[Start of section]

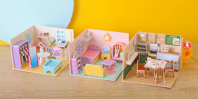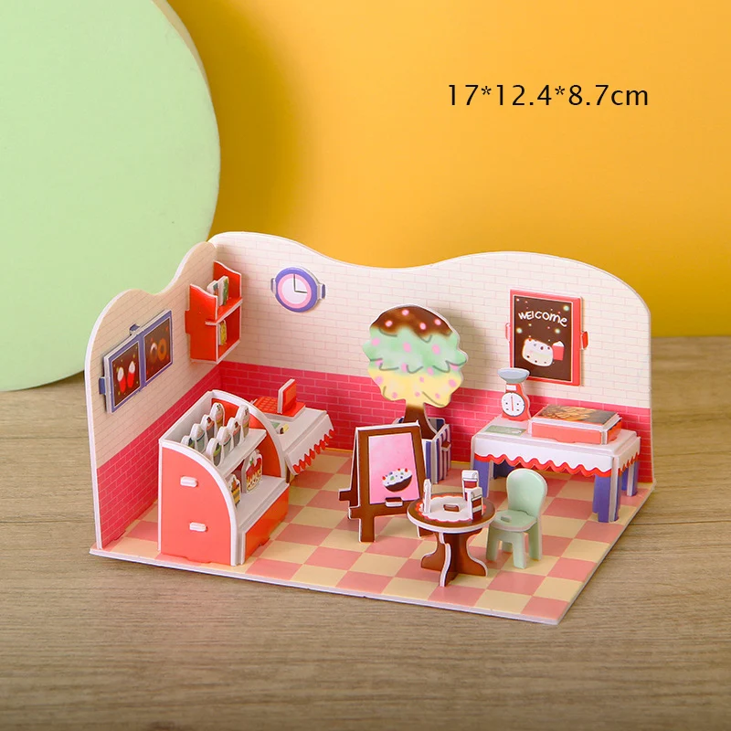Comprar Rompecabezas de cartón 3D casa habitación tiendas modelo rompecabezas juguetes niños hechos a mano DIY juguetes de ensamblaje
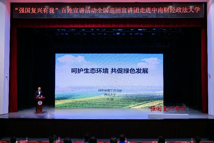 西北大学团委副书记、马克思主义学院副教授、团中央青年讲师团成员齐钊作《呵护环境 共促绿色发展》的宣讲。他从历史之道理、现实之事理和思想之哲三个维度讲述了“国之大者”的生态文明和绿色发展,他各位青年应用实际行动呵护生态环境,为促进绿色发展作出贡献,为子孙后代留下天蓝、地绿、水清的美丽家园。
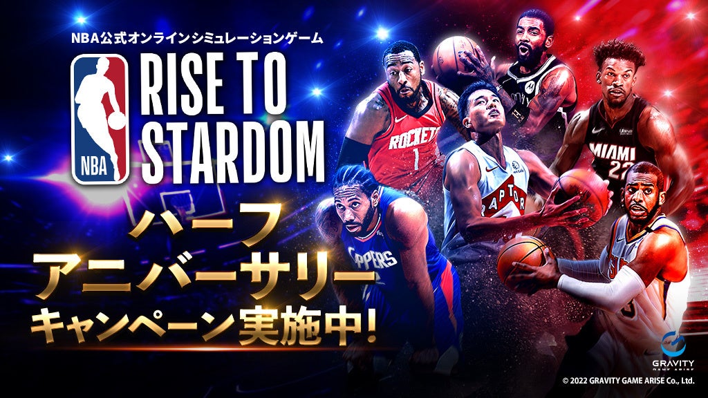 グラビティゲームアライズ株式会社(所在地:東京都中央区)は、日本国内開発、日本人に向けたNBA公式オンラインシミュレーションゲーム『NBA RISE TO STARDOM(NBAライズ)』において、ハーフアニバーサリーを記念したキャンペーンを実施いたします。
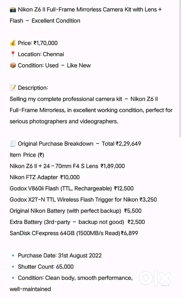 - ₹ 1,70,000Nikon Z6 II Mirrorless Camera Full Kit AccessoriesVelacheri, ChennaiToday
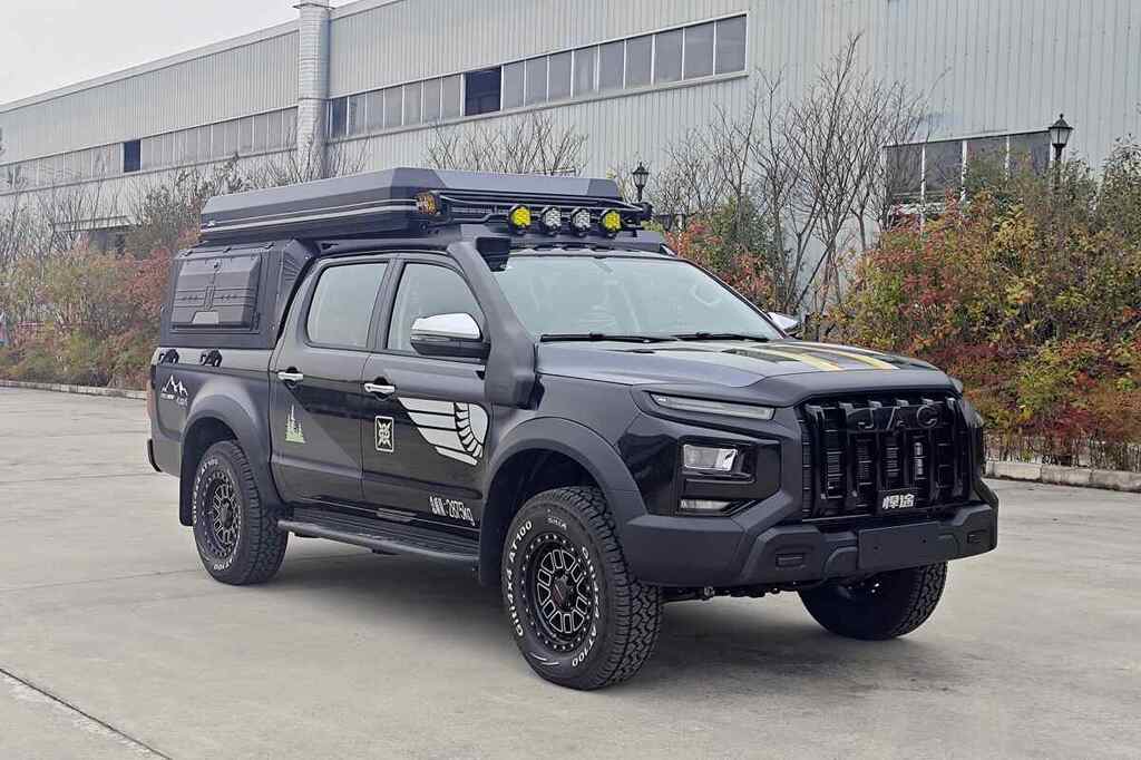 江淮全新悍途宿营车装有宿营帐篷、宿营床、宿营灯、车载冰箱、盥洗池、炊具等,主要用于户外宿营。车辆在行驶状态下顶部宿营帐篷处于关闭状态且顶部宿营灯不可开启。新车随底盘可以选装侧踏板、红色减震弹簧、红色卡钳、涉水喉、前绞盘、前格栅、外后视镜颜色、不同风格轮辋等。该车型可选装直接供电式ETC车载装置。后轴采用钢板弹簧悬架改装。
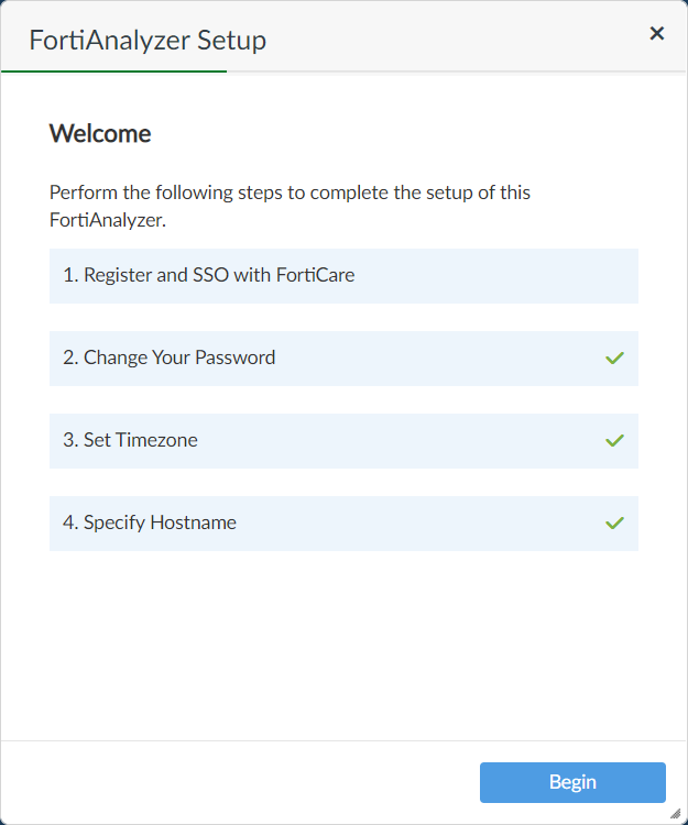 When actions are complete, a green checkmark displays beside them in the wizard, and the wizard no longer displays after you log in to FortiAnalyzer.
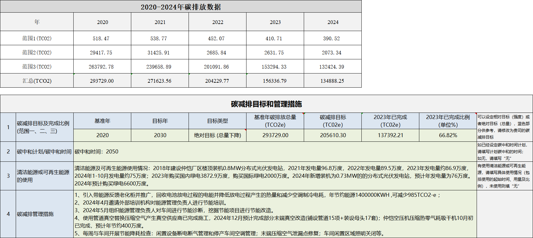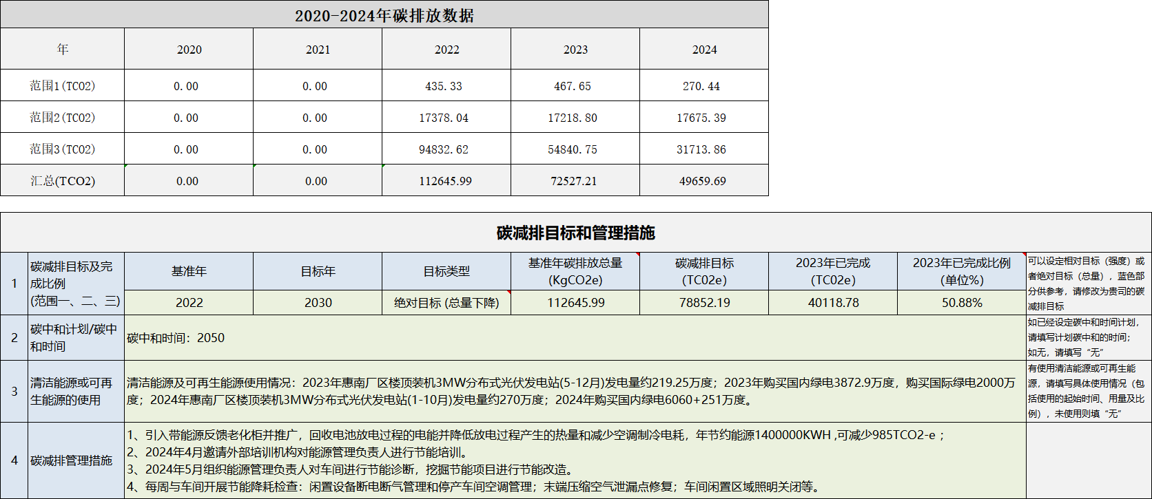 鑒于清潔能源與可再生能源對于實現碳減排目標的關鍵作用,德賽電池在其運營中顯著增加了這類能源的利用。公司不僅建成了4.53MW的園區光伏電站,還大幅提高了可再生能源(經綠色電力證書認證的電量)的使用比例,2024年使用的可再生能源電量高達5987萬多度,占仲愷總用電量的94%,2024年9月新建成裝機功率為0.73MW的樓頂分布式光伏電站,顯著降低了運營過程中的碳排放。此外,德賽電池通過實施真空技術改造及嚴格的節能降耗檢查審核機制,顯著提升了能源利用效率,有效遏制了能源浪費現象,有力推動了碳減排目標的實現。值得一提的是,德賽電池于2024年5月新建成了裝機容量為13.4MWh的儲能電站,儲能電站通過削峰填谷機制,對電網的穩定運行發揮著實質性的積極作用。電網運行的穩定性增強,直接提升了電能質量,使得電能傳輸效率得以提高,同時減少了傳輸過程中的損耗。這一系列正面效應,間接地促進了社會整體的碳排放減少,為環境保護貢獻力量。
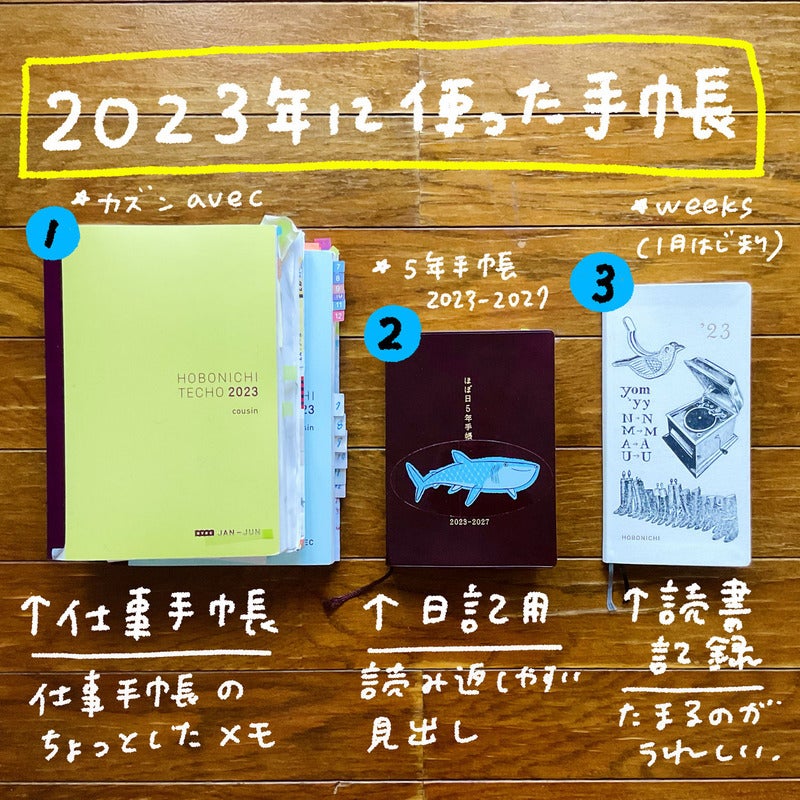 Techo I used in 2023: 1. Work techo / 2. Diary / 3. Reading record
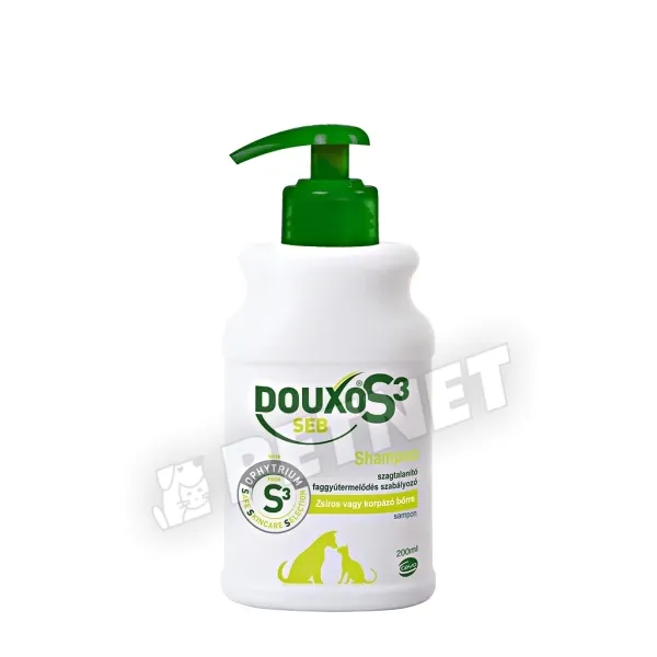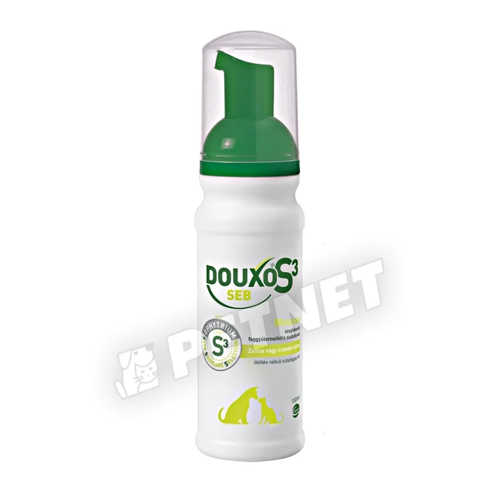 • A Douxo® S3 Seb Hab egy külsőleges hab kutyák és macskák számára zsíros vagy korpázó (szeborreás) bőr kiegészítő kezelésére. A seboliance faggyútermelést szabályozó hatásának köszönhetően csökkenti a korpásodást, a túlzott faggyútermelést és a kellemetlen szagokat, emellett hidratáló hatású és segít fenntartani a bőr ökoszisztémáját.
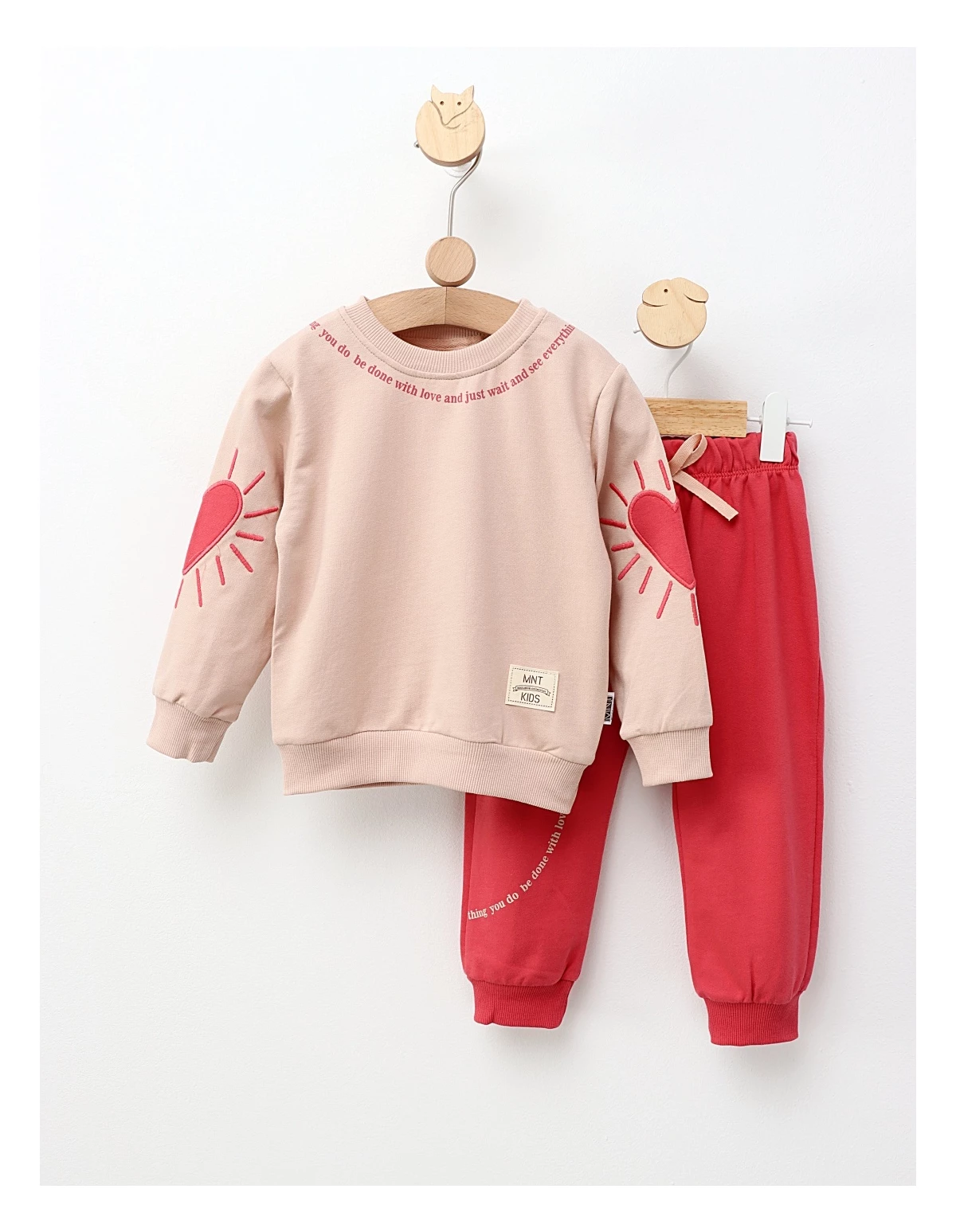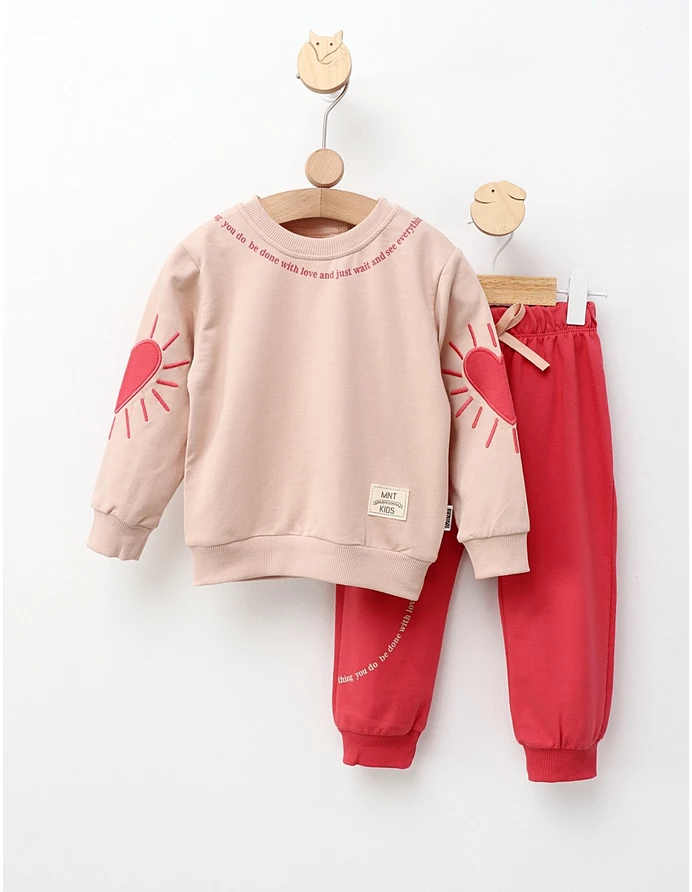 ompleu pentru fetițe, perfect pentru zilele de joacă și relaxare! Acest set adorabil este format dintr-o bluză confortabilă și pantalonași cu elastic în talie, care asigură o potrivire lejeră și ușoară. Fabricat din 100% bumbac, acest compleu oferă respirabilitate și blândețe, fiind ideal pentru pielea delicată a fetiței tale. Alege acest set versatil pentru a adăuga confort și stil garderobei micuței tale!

[End of section]

Start with the line above containing "鑒于清潔能源與可再生能源對于" and end with the line containing "a bőr ökoszisztémáját.". Set down that stretch exactly, without any pictures.

EXERCISE RESULT:
 鑒于清潔能源與可再生能源對于實現碳減排目標的關鍵作用,德賽電池在其運營中顯著增加了這類能源的利用。公司不僅建成了4.53MW的園區光伏電站,還大幅提高了可再生能源(經綠色電力證書認證的電量)的使用比例,2024年使用的可再生能源電量高達5987萬多度,占仲愷總用電量的94%,2024年9月新建成裝機功率為0.73MW的樓頂分布式光伏電站,顯著降低了運營過程中的碳排放。此外,德賽電池通過實施真空技術改造及嚴格的節能降耗檢查審核機制,顯著提升了能源利用效率,有效遏制了能源浪費現象,有力推動了碳減排目標的實現。值得一提的是,德賽電池于2024年5月新建成了裝機容量為13.4MWh的儲能電站,儲能電站通過削峰填谷機制,對電網的穩定運行發揮著實質性的積極作用。電網運行的穩定性增強,直接提升了電能質量,使得電能傳輸效率得以提高,同時減少了傳輸過程中的損耗。這一系列正面效應,間接地促進了社會整體的碳排放減少,為環境保護貢獻力量。
 Techo I used in 2023: 1. Work techo / 2. Diary / 3. Reading record
 • A Douxo® S3 Seb Hab egy külsőleges hab kutyák és macskák számára zsíros vagy korpázó (szeborreás) bőr kiegészítő kezelésére. A seboliance faggyútermelést szabályozó hatásának köszönhetően csökkenti a korpásodást, a túlzott faggyútermelést és a kellemetlen szagokat, emellett hidratáló hatású és segít fenntartani a bőr ökoszisztémáját.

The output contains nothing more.